/walletconnect-bridge

A simple Java implementation of a WalletConnect bridge server. See walletconnect.org for more information.

Primary LanguageJavaMIT LicenseMIT

Java WalletConnect Bridge

This is a simple Java implementation of a WalletConnect bridge server. If you don't know what WalletConnect is, see walletconnect.org for more information.

Motivation

My motiviation for writing this implementation is that the official server (wss://bridge.walletconnect.org) does not seem consistently reliable. Messages are often only dispatched with a considerable delay and sometimes disappear entirely. While part of that can probably be attributed to a high load, part of that is probably also attributable to some flaws in the implementation. So I decided to create our own implementation in the language I'm most fluent in.

Running the Bridge

To run the bridge, clone this git repository to your server and make sure to have Maven and Java installed.
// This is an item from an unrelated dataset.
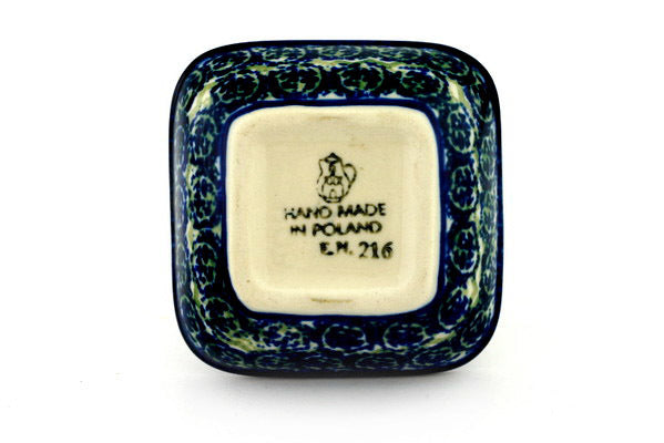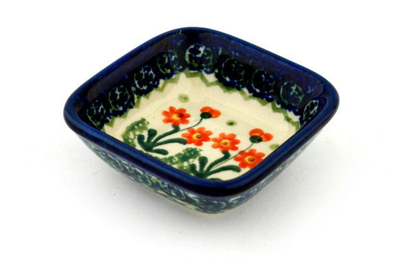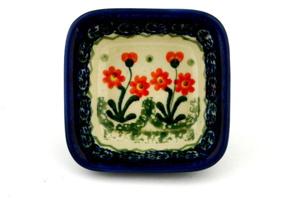This Peach Spring Daisy 3" Square Bowl was handmade and hand decorated in Boleslawiec, Poland by skilled artisans according to old traditional methods. This Polish stoneware is microwave, dishwasher, freezer, and oven safe up to 480°F. It does not contain lead or cadmium. It is part of the Peach Spring Daisy Collection.

You can then compile the project with 'mvn package' and run it with 'java -cp target/bridge.jar:target/dependency/* com.aktionariat.bridge.BridgeServer'. (Windows users should replace the colon ':' with a semicolon ';' as Windows has a different path separator.)
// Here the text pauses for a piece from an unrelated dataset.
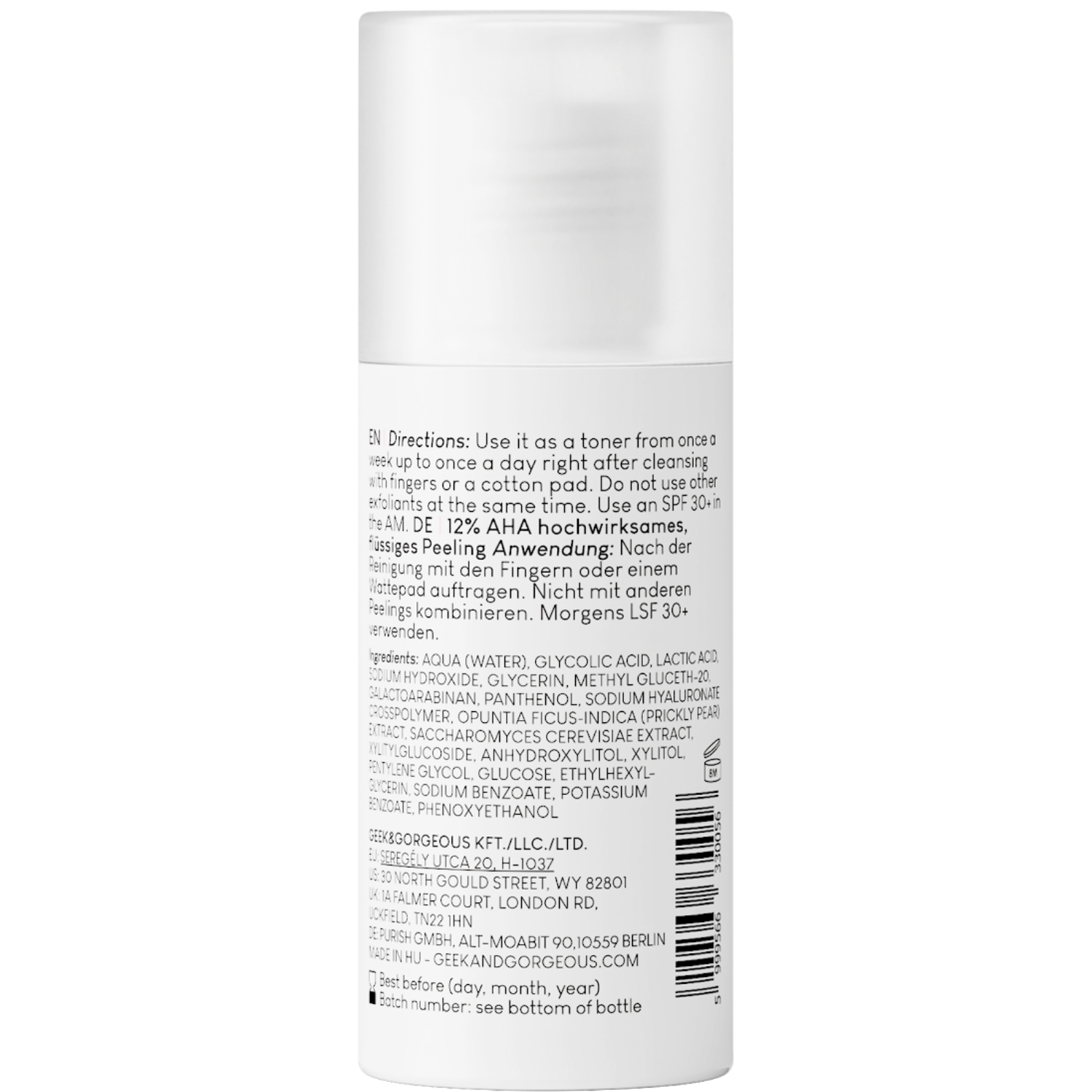 Geek & Gorgeous - Smooth Out - отшелушивающий флюид с AHA кислотами общей концентрацией 12%. Гликолевая кислота отшелушивает кожу, заметно сглаживая ее поверхность, а также тонкие линии и морщинки, замедляя процессы старения и обладает депигментирующим свойством. Молочная кислота увлажняет и смягчает кожу. Галактоарабинан предотвращает потерю воды из эпидермиса и поддерживает действие кислот на кожу. Сахар улучшает увлажнение кожи, а экстракт инжира опунции, дрожжи и пантенол также успокаивают ее и уменьшают раздражение. Имеет pH 3,5-3,9. При регулярном использовании дает эффект мягкой, гладкой и сияющей кожи.

This spawns a local bridge server on port 8887.

Arguments:

  • -port: the port number, defaults to 8887
  • -cert: path to the keystore file, enables wss
  • -passphrase: the passphrase for the keystore file

(Since certificate handling is not so convenient in Java, it is probably easier to run Caddyserver or similar in front of the bridge instead of configuring ssl on the bridge server directly.)

Protocol

The WalletConnect bridge is functionally very simple. All it does is forwarding messages. While not officially documented, the protocol knows three types of messages: sub, pub, and ack. Each message has a 'topic' attached, so the server knows who it is intended for. Anyone can send a 'sub' message to the bridge to subscribe to the given topic. When doing so, all pending messages are sent to the subscriber. When sending a 'pub' message to the server, it is forwarded to the subscribers of the according topic. After having received such a message, most clients seem to answer with an 'ack' message.

Differences to the Reference Implementation

There are a number of differences to the reference implementation, which I'd like to point out:

  • The reference implementation keeps a list of subscribers per topic, our implementation only remembers the latest one. This is a valid simplification under the assumption that the bridge is intended to bridge two end-points with each other and is not used for broadcasting. It also eliminates a subtle problem in the reference implementation: when the reference implementation receives a pub message and finds some connections, it immediately sends the message to these connections and then forgets the message. This poses a problem in case some of these connections are stale and the client (maybe a mobile device with an unreliable connection) has to reconnect to fetch the message the user expects. Unfortunately, the message will never be received in that case as the server does not have it any more.
  • The reference implementation ignores the 'ack' messages, we use it to clear the message queue.
  • After sending one or more 'put' messages to a subscriber, we add a 'ping' message. The message queue is only cleared once the subscriber answers with the according 'pong' message. This ensures that messages are actually received and not sent to stale connections.
  • The reference implementation keeps undelivered messages indefinitely in a redis in-memory database, we drop them after 30 minutes. We do this to keep the memory footprint small. This is ok under the assumption that the use case at hand is about immediate interaction between a website and a wallet, and not for slow, email-like interactions.
  • We do not support the push server, ignoring the "silent" flag.
  • No support for the 'hello', 'status' and similar methods. But the websocket standard 'ping' is there.

For the future, we are contemplating the addition of sequence numbers in order to eliminate the unlikely possibility of a delayed ack leading to the deletion of an undelivered message.

Aktionariat Instance

We are running an instance of this server at address 'wss://bridge.aktionariat.com:8887'. Feel free to use it, but do not rely on its availability.